— 47 —
Об условиях лечения д-ра А. фон Гюббенета
Есть только один способ прийти к верному суждению о несомненном достоинстве гомеопатии. Это строгая научная критика ее учений. Есть также только одно средство оценить практическое значение гомеопатии как врачебного искусства. Это чистый опыт у постели больного.
«Программа» поступает иначе. Она хотя признает, что гомеопатия имеет свои законы, положения и правила, однакож даже без содействия научной критики, просто опираясь на один » здравый смысл», ставит ей свои собственные условия лечения и намерена употреблять эти условия как мерило того, что способна сделать гомеопатия. Она говорит:
«Здравый смысл достаточно убеждает каждого, что для успешного и сознательного лечения болезней (больных?) необходимы со стороны врача (необходимо соблюсти, выполнить?) два главнейшие условия:
1. Правильное (точное?) определение подлежащей болезни во всех отношениях ее к организму и основанное на оном расположение плана лечения;
2. Своевременное и последовательное употребление таких врачебных средств, которые способны производить на больной организм всегда постоянные и для каждого из них с точностью определенные действия, притом в той степени и на таком пространстве времени, как того требует начертанный врачом план сознательного лечения».
Во-первых, мы полагаем, что здравый смысл один, сам по себе, не вооруженный наукой, не усвоивший себе полного знания предмета, о котором судит, не может быть верховным судьей в деле какой бы то ни было науки, и стало быть не может знать, какие она должна выполнять условия. Здравый смысл есть способность понять истину, смыслить. Эта способность воспитывается познанием и опытом и потому имеет разные степени образованности и развития. Всякий народ и всякий человек имеет свой смысл, более или менее здравый, и примечательно притом, что всякий человек именно свой-то собственный смысл и считает самым здравым. Наконец, вникнув в дело, здравый смысл может убедиться в чем-нибудь, но не убеждать. Впрочем, мы не станем придираться к логическим ошибкам и будем рассматривать только самый предмет, если только возможно рассматривать научный предмет без логики.
Здравый смысл без помощи других инструментов в состоянии постановить только одно условие для деятельности врача. Это условие — врач должен вполне знать свою науку и свое искусство. А для этого нужно прежде всего знание всех метод лечения, и аллопатической (или как бы ее ни называли) и гомеопатической. Без такого знания невозможно сознательное лечение, для которого, разумеется, всегда нужно избирать самый кратчайший и легчайший путь.
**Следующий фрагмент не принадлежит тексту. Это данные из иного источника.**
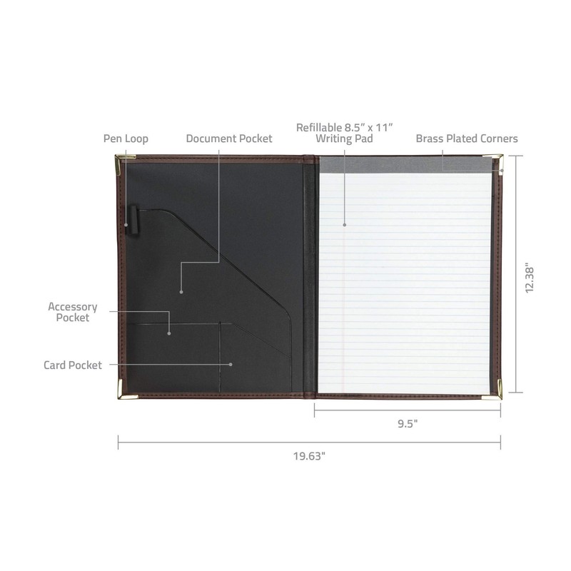 GET ORGANIZED This multi-purpose executive portfolio opens like a book to reveal multiple pockets inside for added convenience. The large document pocket lets you keep loose notes, resumes, business proposals, and other documents in a safe and organized manner. The other inside pockets are made to let you carry your business or credit cards, ID cards, flash drives etc. It also includes a pen loop to carry your favorite pen and make sure you are always ready to take down important information. The 8.5-inch x 11-inch lined writing pad behind the right cover of this business portfolio will let you take quick notes in a meeting, classroom, or any other place where you need to jot down important information right away.
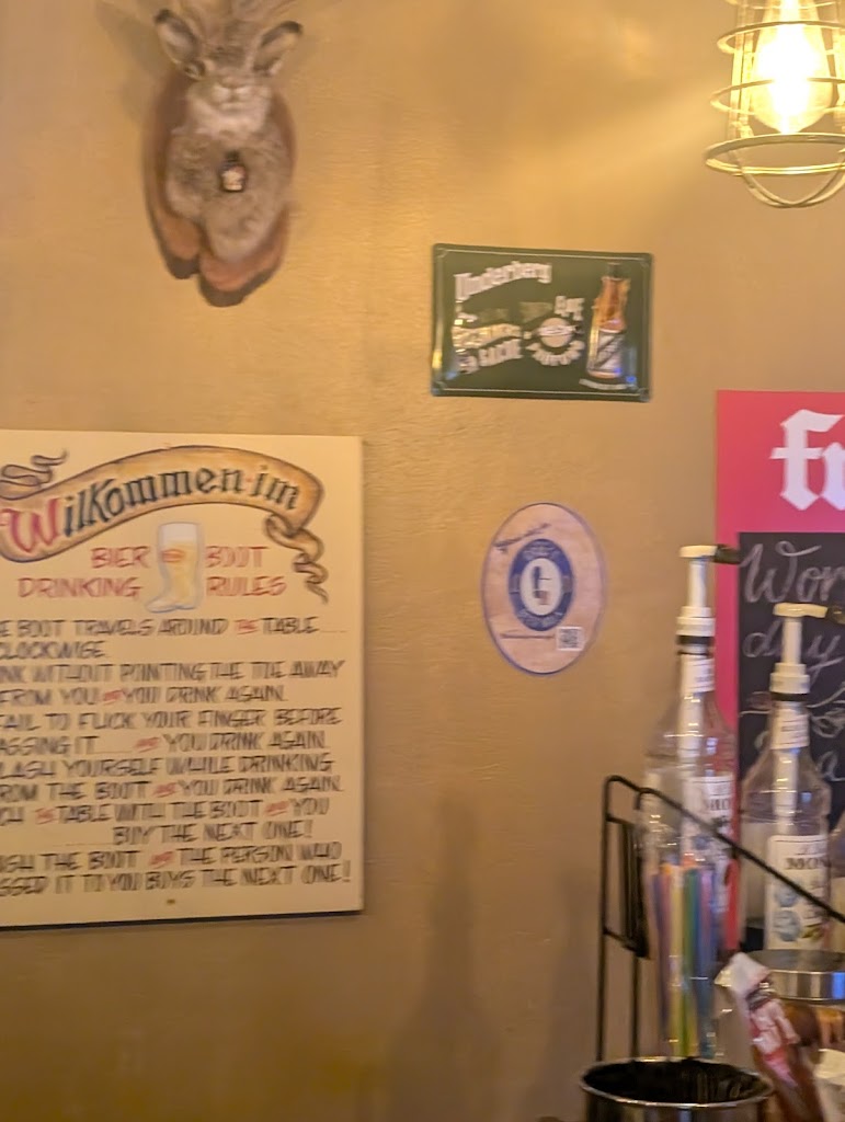 Our visit started off fine. The bartender was attentive and nice. They were out of Leberkase which was disappointing as that was one of the reasons we stopped by but no big deal. This is where it took a turn… a woman with blondish hair shows up who I can assume is either another bartender or server and literally stuck her finger into a customers beer. Not sure if she was checking the temperature or trying to get the foam down but I watched it with my own eyes and the beer was then sent out. There’s no way that was the first time she did it. Didn’t even check around to see if anyone saw. Hard to want to come back after that one. 2 stars since the original bartender we had was pleasant.

Гомеопатия, конечно, также признает необходимость точного определения болезни и употребления средств, способных производить на организм всегда постоянные и определенные действия. Но она этим не ограничивается, и ее условия лечения значительно разнятся от предложенных программой, начиная с самой цели врачебного действия. Например, она не довольствуется условием, которое требует сознательного лечения болезней, а идет далее и требует скорого и верного излечения больных. А это огромная разница. Здравый смысл достаточно понимает и бесчисленные опыты доказывают, что врач, совершенно сознательно по своему плану лечивший, может устранить какую-нибудь болезнь, между тем как больной еще долго потом может прострадать от новой болезни, причиненной лекарством, как например меркуриализмом по излечении воспалительного катара кишок, сифилиса и проч.
Далее «Программа» говорит: «Соединение в одно целое разнородных сведений, делающих нас способными к выполнению в пределах возможности этих двух необходимых условий, составляет врачебную науку; применение их к действительности есть врачебное искусство».
Поэтому наука есть только соединение массы разнородных сведений; искусство — применение.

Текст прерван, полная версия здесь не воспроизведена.